Activity ::
Would you return every entry below exactly as written, without its images?

Stored records:

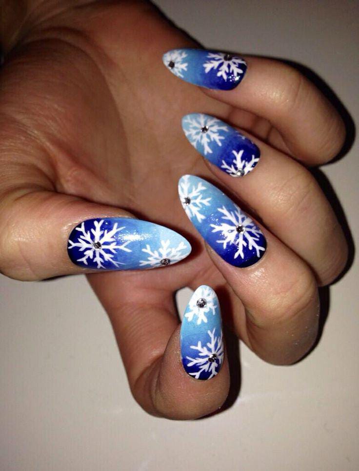 A smooth ombré blend of icy blue to deep navy, topped with bold white snowflakes and tiny rhinestones for a sparkling winter wonderland Christmas look.
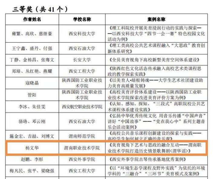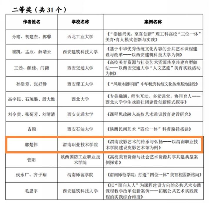 12月7日,陕西省教育厅办公室印发《关于公布全省第七届大学生艺术展演活动评选结果的通知》,在高校美育改革创新优秀案例评选中,今年会美育中心主任郭楚伟撰写的《渭南皮影艺术的传承与弘扬——以今年会官方网站建设皮影艺术馆为例》获二等奖,美育中心副主任杨文华撰写的《美育视角下艺术与思政的融合互动——今年会官方网站打造历史情景歌舞剧<渭华谣>》获三等奖。
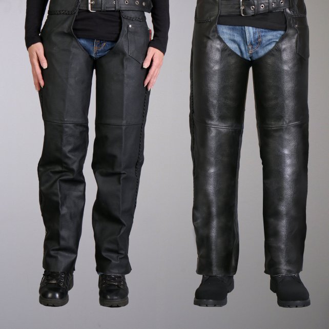 Nahkachapsit, Chaps Braided, Hot Leathers. Paksua nahkaa. Vyötärökaarrokkeessa ja housun pystysaumassa nahasta punotut palmikkoyksityiskohdat. Lahkeet saa auki avaamalla sivuissa olevat leveät metalliketjut. Lahkeen alaosassa neljä krominväristä nepparia. Vyötäröllä kiristys/säätö takaosassa nyörityksenä ja etuosassa solkikiinnityksellä. Chapsien vasemmalla puolella paikkatasku.
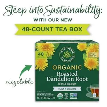 Show more Experience the earthy goodness of nature with our exceptional Herbal Power Dandelion Root Tea. This remarkable brew not only tantalizes your taste buds with its pleasantly roasted and subtly bitter notes but also emerges as a potent ally for your digestive health. Each sip invigorates your body, stimulating the liver and supporting your natural detoxification processes. Crafted with utmost care, our formula is USDA Certified Organic, Non-GMO Verified, and Kosher, ensuring you receive nothing but the highest quality.
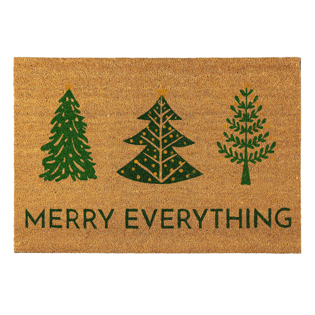 Welcome guests with the VivaStyle Coir Mat, featuring a festive foliage design perfect for the holiday season. Measuring 24" x 36", this coir mat is crafted from durable, natural fibers, making it ideal for high-traffic entryways. The vibrant green tree pattern and "Merry Everything" message add a cheerful touch to your porch or doorstep. With a height of 0.59 inches, it effectively traps dirt and debris, keeping your interiors clean. Enhance your home’s seasonal charm while providing a practical solution for welcoming visitors.
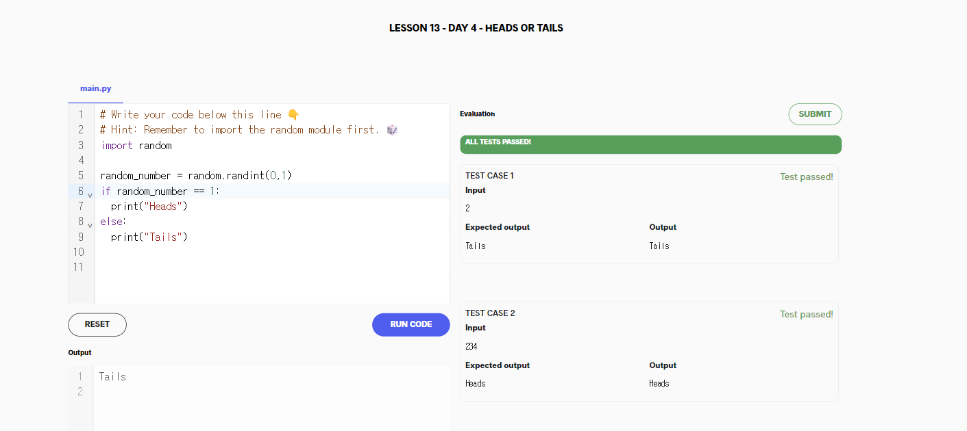 There are many ways of doing this. But to practice what we learnt in the last lesson, you should generate a random number, either 0 or 1. Then use that number to print out "Heads" or "Tails".
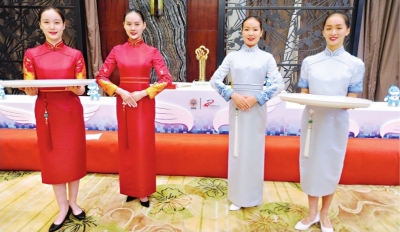 在发布会现场,多位礼仪人员身着本届军运会礼仪服装亮相,尽显中国女性的自信与风采。礼仪服装采用中国传统旗袍样式,分为青花蓝和中国红两种颜色,引导员、托盘员两种款式。服装面料采用色织提花绸,以“宋锦”的编织方式将“海水江崖”纹呈现在衣袖上,腰间配以玉器流苏挂件,在充分展现中华文化特色的同时,也表达了“有朋自远方来不亦乐乎”的好客之道。
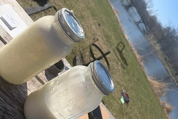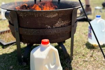 Each group mixed the water, milk, and vinegar in the dutch oven and heated it over a wood fire until it reached 90 degrees Fahrenheit. At 90 degrees, each group added a mixture of a dissolved rennet tablet in water to their heated milk.
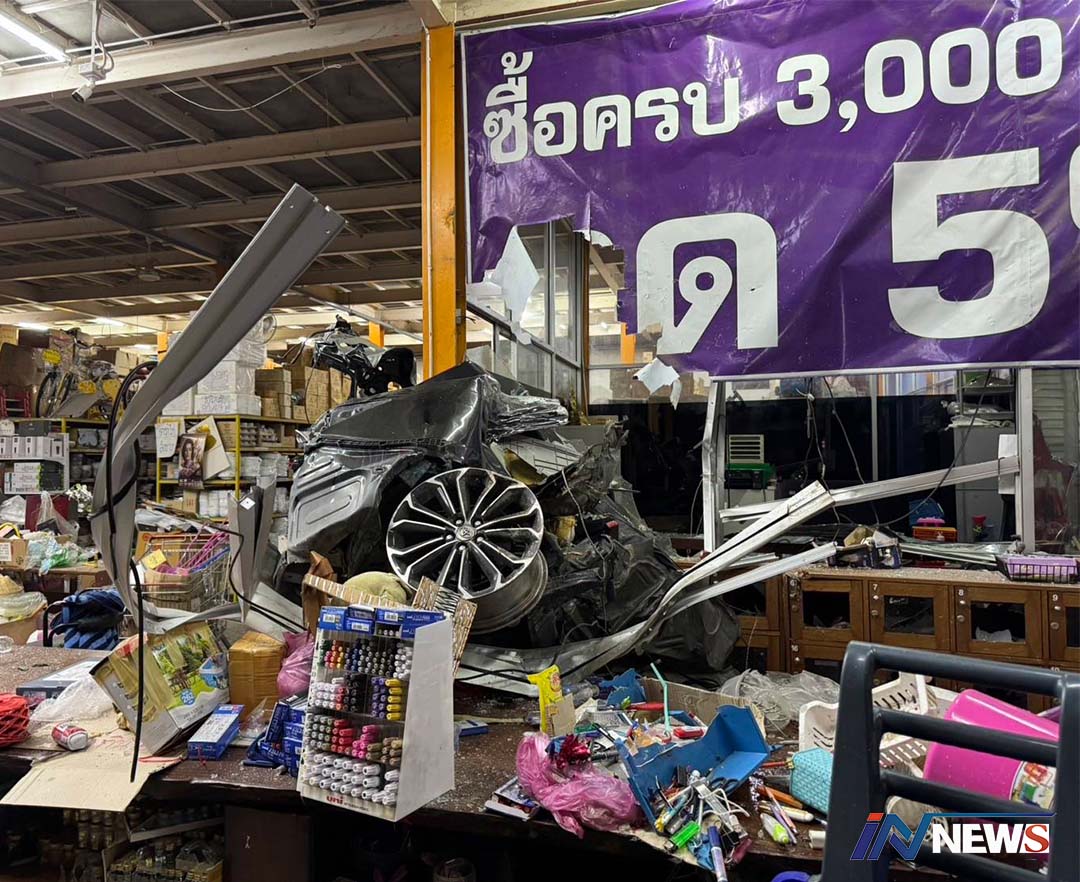เก๋งดำซิ่งแหกโค้งเหมาร้านขายส่ง20บาท พังยับโชคดีไม่มีผู้เสียชีวิต
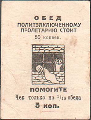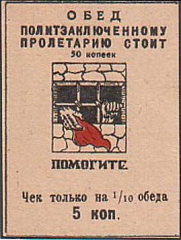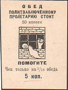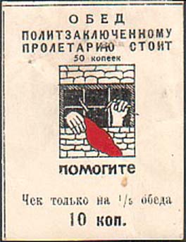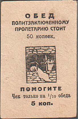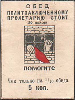 1929 1929 г. Разм. 44 х 58 мм. Двухцветная печать на желто-коричневой бумаге. В центре в прямоугольной рамке эмблема МОПР. Сверху текст в четыре строки: «Обед политзаключенному пролетарию стоит 50 копеек».
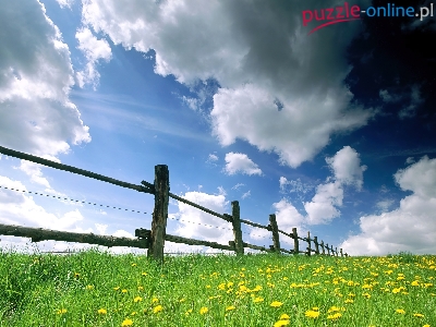 Puzzle Płotek, Łąka, Kwiatki, Chmury
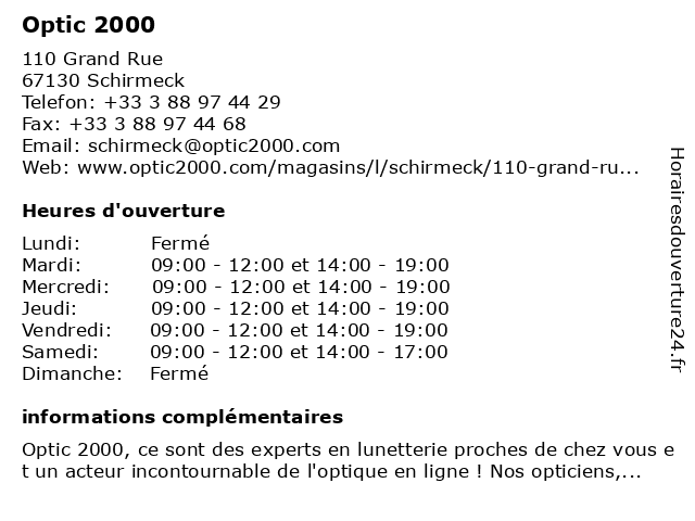 1 Optic 2000 (Distance: 19,32 km) 64 Rue du Général Gouraud, 67210 Obernai 2000, lunettes, optic, opticien, optique 3 Opticien Obernai - Optic 2000 (Distance: 19,63 km) 64 Rue du Général Gouraud, 67210 Obernai 2000, lentilles de contact, lunettes de soleil, lunettes de vue, obernai, optic, optic2000, opticien, opticien optic2000, ray-ban, rayban 4 Optic 2000 (Distance: 21,38 km) 21 Place de l'Hôtel de Ville, 67120 Molsheim 2000, lunettes, optic, santé, solaires 5 Opticien Wasselonne - Optic 2000 (Distance: 24,43 km) 5 Place du Général Leclerc, 67310 Wasselonne 2000, lentilles de contact, lunettes de soleil, lunettes de vue, optic, optic2000, opticien, opticien optic2000, ray-ban, rayban, wasselonne 6 |

Result below ::
 A smooth ombré blend of icy blue to deep navy, topped with bold white snowflakes and tiny rhinestones for a sparkling winter wonderland Christmas look.
 12月7日,陕西省教育厅办公室印发《关于公布全省第七届大学生艺术展演活动评选结果的通知》,在高校美育改革创新优秀案例评选中,今年会美育中心主任郭楚伟撰写的《渭南皮影艺术的传承与弘扬——以今年会官方网站建设皮影艺术馆为例》获二等奖,美育中心副主任杨文华撰写的《美育视角下艺术与思政的融合互动——今年会官方网站打造历史情景歌舞剧<渭华谣>》获三等奖。
 Nahkachapsit, Chaps Braided, Hot Leathers. Paksua nahkaa. Vyötärökaarrokkeessa ja housun pystysaumassa nahasta punotut palmikkoyksityiskohdat. Lahkeet saa auki avaamalla sivuissa olevat leveät metalliketjut. Lahkeen alaosassa neljä krominväristä nepparia. Vyötäröllä kiristys/säätö takaosassa nyörityksenä ja etuosassa solkikiinnityksellä. Chapsien vasemmalla puolella paikkatasku.
 Show more Experience the earthy goodness of nature with our exceptional Herbal Power Dandelion Root Tea. This remarkable brew not only tantalizes your taste buds with its pleasantly roasted and subtly bitter notes but also emerges as a potent ally for your digestive health. Each sip invigorates your body, stimulating the liver and supporting your natural detoxification processes. Crafted with utmost care, our formula is USDA Certified Organic, Non-GMO Verified, and Kosher, ensuring you receive nothing but the highest quality.
 Welcome guests with the VivaStyle Coir Mat, featuring a festive foliage design perfect for the holiday season. Measuring 24" x 36", this coir mat is crafted from durable, natural fibers, making it ideal for high-traffic entryways. The vibrant green tree pattern and "Merry Everything" message add a cheerful touch to your porch or doorstep. With a height of 0.59 inches, it effectively traps dirt and debris, keeping your interiors clean. Enhance your home’s seasonal charm while providing a practical solution for welcoming visitors.
 There are many ways of doing this. But to practice what we learnt in the last lesson, you should generate a random number, either 0 or 1. Then use that number to print out "Heads" or "Tails".
 在发布会现场,多位礼仪人员身着本届军运会礼仪服装亮相,尽显中国女性的自信与风采。礼仪服装采用中国传统旗袍样式,分为青花蓝和中国红两种颜色,引导员、托盘员两种款式。服装面料采用色织提花绸,以“宋锦”的编织方式将“海水江崖”纹呈现在衣袖上,腰间配以玉器流苏挂件,在充分展现中华文化特色的同时,也表达了“有朋自远方来不亦乐乎”的好客之道。
 Each group mixed the water, milk, and vinegar in the dutch oven and heated it over a wood fire until it reached 90 degrees Fahrenheit. At 90 degrees, each group added a mixture of a dissolved rennet tablet in water to their heated milk.
เก๋งดำซิ่งแหกโค้งเหมาร้านขายส่ง20บาท พังยับโชคดีไม่มีผู้เสียชีวิต
 1929 1929 г. Разм. 44 х 58 мм. Двухцветная печать на желто-коричневой бумаге. В центре в прямоугольной рамке эмблема МОПР. Сверху текст в четыре строки: «Обед политзаключенному пролетарию стоит 50 копеек».
 Puzzle Płotek, Łąka, Kwiatki, Chmury
 1 Optic 2000 (Distance: 19,32 km) 64 Rue du Général Gouraud, 67210 Obernai 2000, lunettes, optic, opticien, optique 3 Opticien Obernai - Optic 2000 (Distance: 19,63 km) 64 Rue du Général Gouraud, 67210 Obernai 2000, lentilles de contact, lunettes de soleil, lunettes de vue, obernai, optic, optic2000, opticien, opticien optic2000, ray-ban, rayban 4 Optic 2000 (Distance: 21,38 km) 21 Place de l'Hôtel de Ville, 67120 Molsheim 2000, lunettes, optic, santé, solaires 5 Opticien Wasselonne - Optic 2000 (Distance: 24,43 km) 5 Place du Général Leclerc, 67310 Wasselonne 2000, lentilles de contact, lunettes de soleil, lunettes de vue, optic, optic2000, opticien, opticien optic2000, ray-ban, rayban, wasselonne 6 |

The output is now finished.